Санкт-Петербургский Городской театр

2 + 2 = ?

Старший Брат наблюдает не за Уинстоном, а за тобой
Наверное, «1984» Джорджа Оруэлла — один из немногих романов, сюжет которого не нужно пересказывать (сегодня — уж точно). Многим знакомый, находящийся на слуху набор: новояз, Старший Брат, номера вместо имен, мыслепреступники. Постановка Виталия Любского в Санкт-Петербургском Городском театре повторяет прописанные 70 лет назад антиутопические истины в точности, прилежно придерживаясь текста романа: Уинстон Смит (Артур Козин), приличный гражданин тоталитарного государства, влюбляется в девушку Джулию (Анна Тананыкина), вместе с ней вступает в сопротивление и проигрывает. И правда, нельзя ведь сдуть пыль с книги, на которой ее просто не было.
Все существование Уинстона в романе проходит под присмотром телеэкрана, через который за ним и другими гражданами Океании наблюдает государство. В театре в экран превращается проекция на дальней стене. Почти никогда не гаснущая, она отражает все от мыслей и воспоминаний главного героя до явственно напоминающей свастику эмблемы Океании на фоне голубого неба. Телеэкран забирает остатки приватности: мы и так видим весь быт героя, включая старый унитаз и маленькую кухонную раковину, а теперь еще и копаемся в его мыслях. В тоталитарном государстве нет ничего скрытого от посторонних глаз, и потому мы можем крупным планом рассмотреть и так пугающих Уинстона мерзких крыс, и мягкие руки его матери, по которым он до сих пор тоскует. И даже в комнате на задворках Лондона, где Уинстон с Джулией, казалось бы, остаются одни, проектор продолжает мелькать сменяющимися картинками. Жизнь в Океании — жизнь напоказ.
Городской театр прилагает все усилия к тому, чтобы зрители оказались полностью в(за)ключенными в постановку. Зрительный зал в «1984» — одновременно и контролирующий Старший Брат (потому Уинстон особенно старательно фальшиво улыбается, смотря в глаза людям в первом ряду), и чуткий собеседник, перед которым не страшно исповедаться в мыслепреступлении. В одно мгновение зрители наблюдают, заставляя героев чувствовать себя узниками паноптикума, в другое мгновение уже мы оказываемся под наблюдением, и какая-то скрытая камера показывает на экране зрительный зал. Найти там себя достаточно забавно, но гораздо в большей степени жутко. Городской театр в самом буквальном смысле воссоздает технологию, когда-то описанную Оруэллом, и эта яркая демонстрация принципа работы телеэкрана на сцене пугает больше, чем на бумаге.
За тем, кто смотрит, власть — и зрителю ее дают ровно столько, чтобы он успел почувствовать себя в безопасности. А потом с головой ухнул в ощущение беспомощности, когда эту власть очень быстро отбирают. Мы тут не Старший Брат, а мыслепреступники, нас заставляют делать зарядку наравне с персонажами постановки и призывают ненавидеть Голдстейна, предателя. А несогласным грозят пытки в подвалах Министерства Любви.

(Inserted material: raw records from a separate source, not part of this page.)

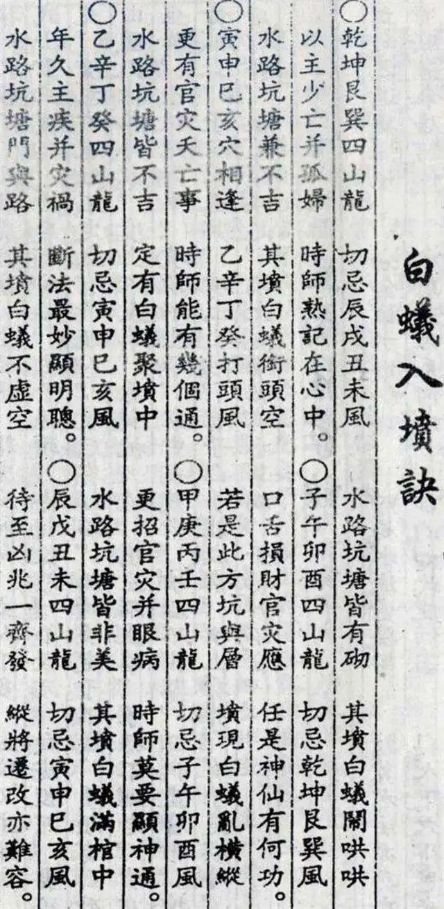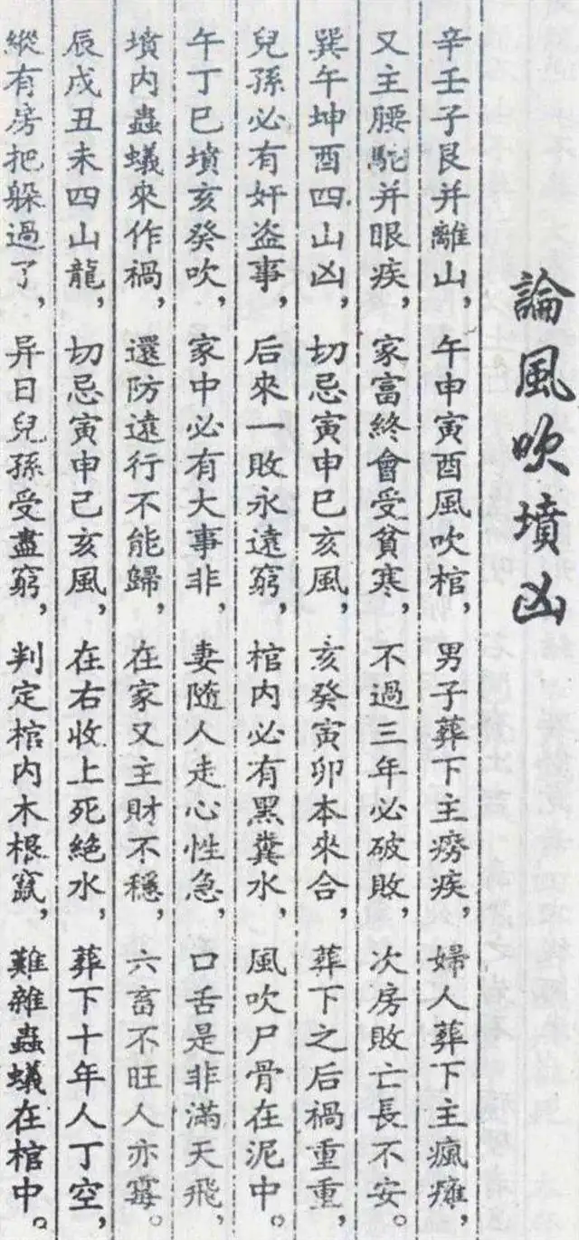 凡入坟地,察其形气,便知家运。此诀精炼,直指要害,乃历代地师经验之结晶,今详释如下:一、左右高低断子息左高发长子:坟之左方(青龙位)地势或砂丘较高,主长房发达。右高发次门:坟之右方(白虎位)高起,主二房兴旺。二、坟后高低断人丁坟后高又高,子孙称英豪:坟后地势逐渐高起,有靠山稳固,主子孙英杰豪迈。坟后向外低又低,子孙到老无衣食:坟后地势渐低,无靠山护卫,主子孙贫苦,老来衣食无着。坟后慢慢低,必定取三妻:坟后缓坡下降,主男子婚姻不稳,多次娶妻。坟后一尺低,辈辈子孙稀:坟后近处低陷...
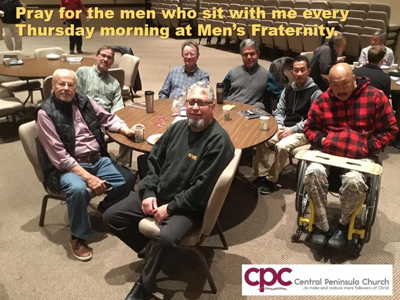 Liz and I attend Central Penninsula Church usually the 9:00 service. I currently lead a table at Men's Fraternity at on Thursday morning. We meet at Central Peninsula Church at 6:00 am.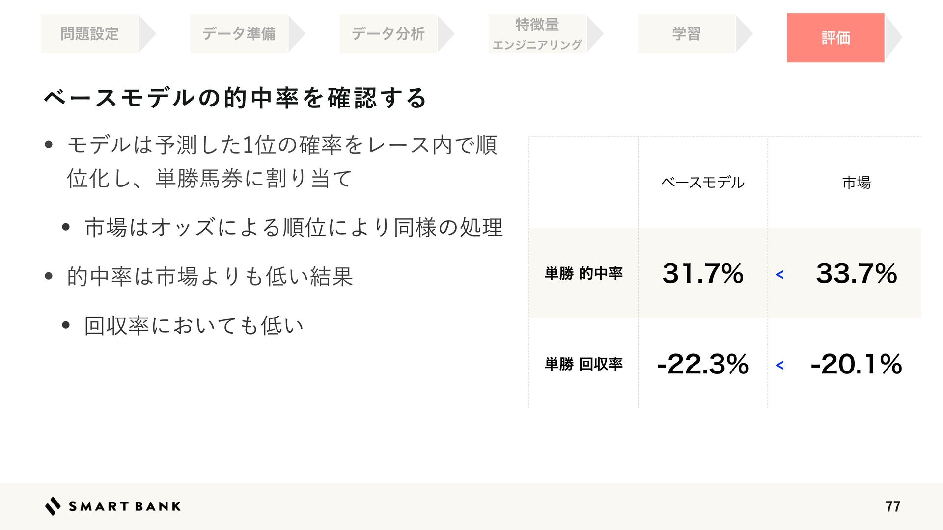 33.  ϕʔεϞσϧͷతத཰Λ֬ೝ͢Δ ධՁ ໰୊ઃఆ σʔλ४උ σʔλ෼ੳ ಛ௃ྔ ΤϯδχΞϦϯά ֶश ϕʔεϞσϧ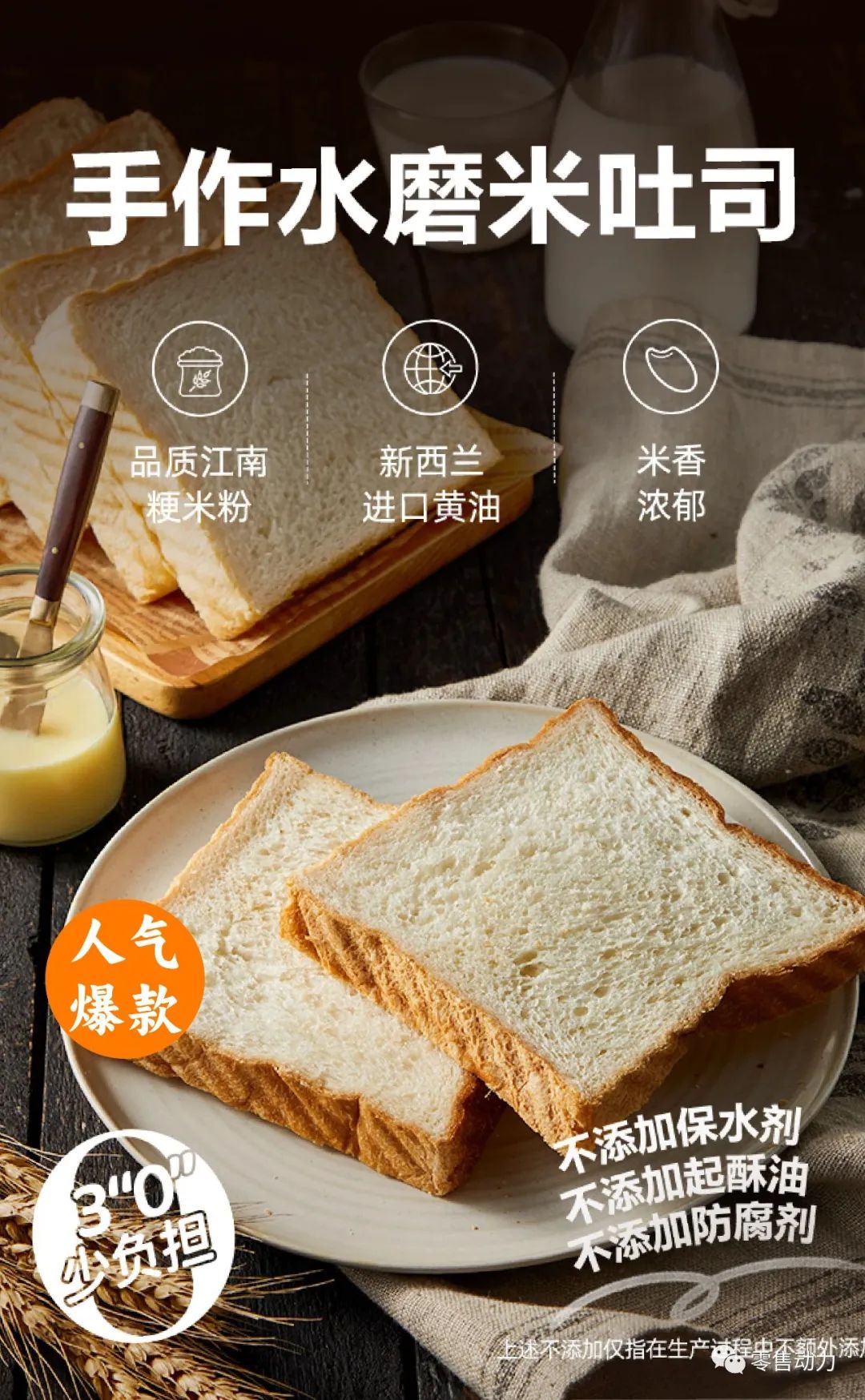 烘焙的变化也是比较大,瑞士卷现在主打产品为原味伯爵瑞士卷,选用100%的动物奶油,简单的配料表。还有手作水磨米麻薯和米吐司,米系列商品我们以往来讲在烘焙用的不是那么多,但是我们在这两家店主打的米系列商品其实也是做了一个差异化,这两个商品也是我们目前烘焙新一盘货当中top10的商品。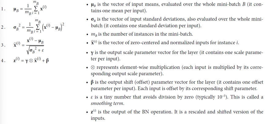 Keras에서는 BN을 구현하기 위해 각 은닉 레이어의 활성화 함수 전후에 BatchNormalization 레이어를 추가하면 된다. 이때 각 BN 레이어당 4개의 매개변수가 추가되며, 이 중 마지막 두 매개변수는 이동 평균을 나타낸다. BN 레이어를 활성화 함수 앞에 추가하는 것이 더 좋다는 주장도 있으나, 작업에 따라 다를 수 있습니다. 이 경우에는 이전 레이어의 편향 항을 제거해야 한다.
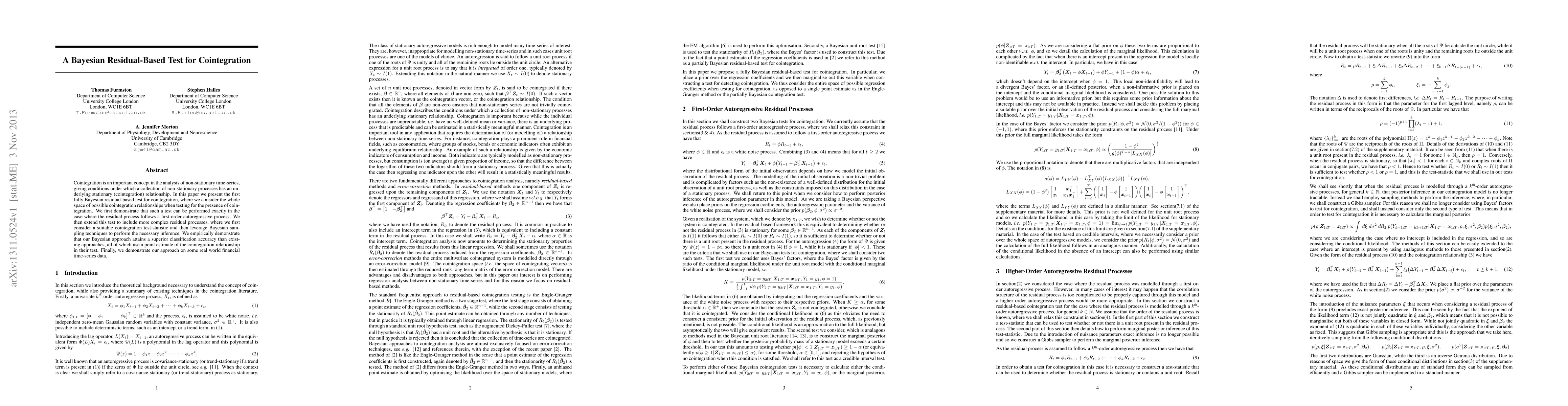 This paper introduces a novel Bayesian residual-based test for cointegration in non-stationary time-series, demonstrating superior classification accuracy through Bayesian sampling techniques compared to traditional methods. The approach is shown to be effective for both simple and complex residual processes, and is validated with real-world financial data.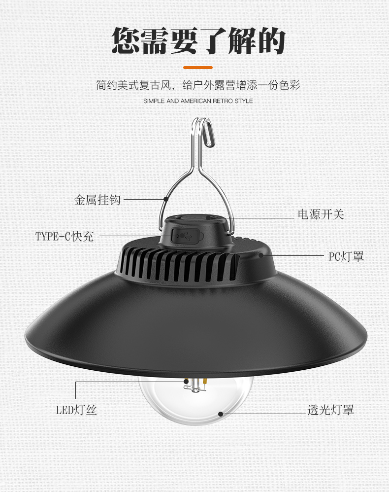 復古戶外露營燈氛圍感照明超長續航野營帳篷天幕營地充電led掛燈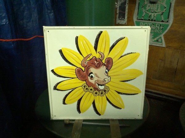Vintage embossed Borden’s Elsie The Cow dairy advertising sign measuring 17 1/2″ x 17 1/2″. Nice condition, bright colors. Good sign for anyone collection…..

Спектакль назван мыслепреступлением в двух актах, а где есть преступление, там будет и наказание. «1984» — история не о превращении порядочного гражданина в свободного человека, это скорее рассказ об обреченной попытке доказать государству, что ты имеешь право быть свободным. По большому счету, Уинстон просто хотел разрешения верить в то, что 2 + 2 = 4 и не претендовал на большее, но Океания не готова позволить ему даже этого. Вместо того, чтобы убить главного героя, его перевоспитывают: ведь не дай бог сотворить из Уинстона мученика. И он предает одно за одним свое право быть свободным, свое право верить во что угодно, свою любовь, он начинает видеть пять пальцев вместо четырех. Это кульминация спектакля — и одновременно с этим самые обезнадеживающие события из всех трех часов.
Впервые я прочитала «1984» за пять лет до того, как посмотрела спектакль в Городском, но один вопрос мучит меня с тех пор: это история про бесполезность протеста или про слабость Уинстона? Любое ли сопротивление в тоталитарном государстве обречено на то, что в итоге ты полюбишь Старшего Брата? Или другой человек, оказавшийся на месте главного героя, более мудрый, более уверенный в своих идеалах, более сильный справился бы? Кажется, Оруэлл имел в виду первое. Кажется, мне гораздо больше хочется верить во второе.

На сцене Уинстон поднимается и на его губах растягивается искренняя улыбка. Океания выигрывает войну, и вот-вот он по-настоящему радостно захлопает в честь этого. Сначала я написала, что в этот момент отворачиваюсь от сцены, но правда в том, что это ужасно, и я все же не могу отвести глаз.